Great read. Rebase is such a powerful tool. I do think that git rebase -I derserved to be its own command. A lot of people I teach debasing to get confused by the difference between rebasing onto a ref, and pruning a branch

[–] technom 1 points 1 year ago

Git rebasing is extremely confusing. I say this as someone who does it on a daily basis. Rebasing takes significant effort to teach. The fundamental concepts are different from regular git use - it makes an abrupt jump from snapshot model to diff model.

A large section of developers simply don't reach that level of proficiency in their entire career - instead depending on the organization's expert for those tasks.

[–] [email protected] 1 points 1 year ago

Good article

[–] lysdexic 1 points 1 year ago* (last edited 1 year ago)

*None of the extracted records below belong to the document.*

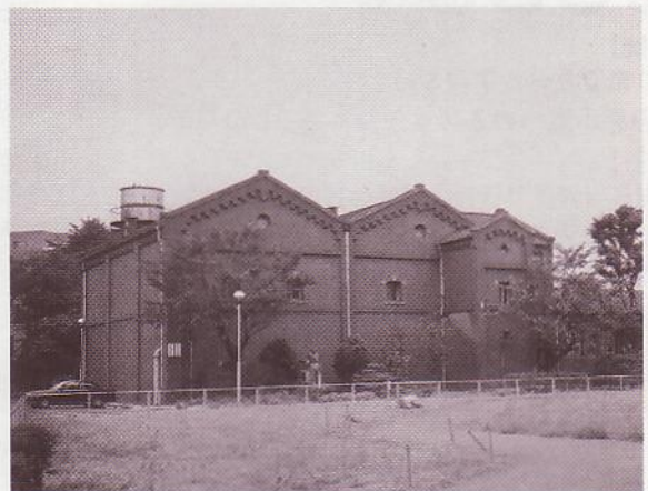
旧醸造試験所工場棟(現・酒類総合研究所) 滝野川2-6-30
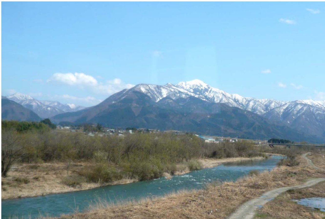
福井県の名峰 日本百名山 越前大野盆地の南にそびえる荒島岳 2008. 3. 25.
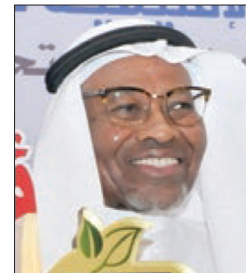
معالي الدكتور أحمد محمد علي الرئيس المؤسس للبنك الإسلامي للتنمية المملكة العربية السعودية الدورة الأولى
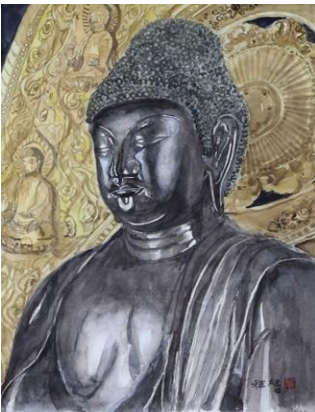
薬師如来 作者 中山 雅雄
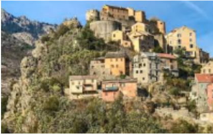
9 - Bastia - Corte -
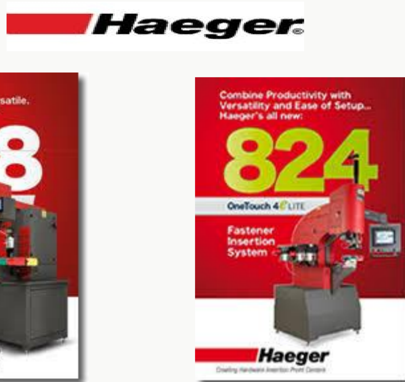
Fig.2. Tipuri de utilaje

Utilajele folosite pentru inserarea pem-urilor sunt roboții industriali de la HAEGER
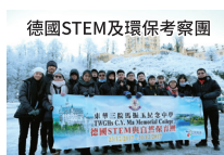
德國STEM及環保考察團
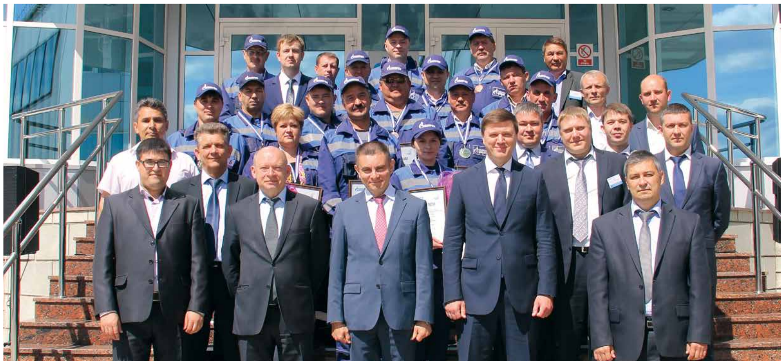
Победители конкурса с руководством ООО «Газпром трансгаз Уфа»

I'm not sure the author of this blog post is experienced with git rebase. I'm by no means an experienced git user, and to me the single most useful thing about git rebase is reordering commits in a local branch. This means I can commit some code in a local branch, continue working on stuff, and later move commits around to peel off PRs out of a feature branch. However, the author makes zero mentions to this feature in the blog post.

To illustrate how useful git rebase is, picture yourself working on a feature branch as part of your work on an issue. Suddenly you stumble upon something that you need to fix to unblock your work on that feature, but it's not directly related to your issue. You can stash your changes, create a new feature branch, fix the bug, post a PR, expect it to be merged, and afterwards rebase your feature branch onto mainline.

That's ok, but very time consuming.

You can instead use git rebase. Just go straight ahead and commit your code straight away in your feature branch and continue working. After you're done working on your feature, you run git rebase to reorder your commits so that the ad-hoc fix is the first commit in your feature branch, and you post a PR for that fix alone, and once it's merged you already have all your other changes lined up to be pushed as well.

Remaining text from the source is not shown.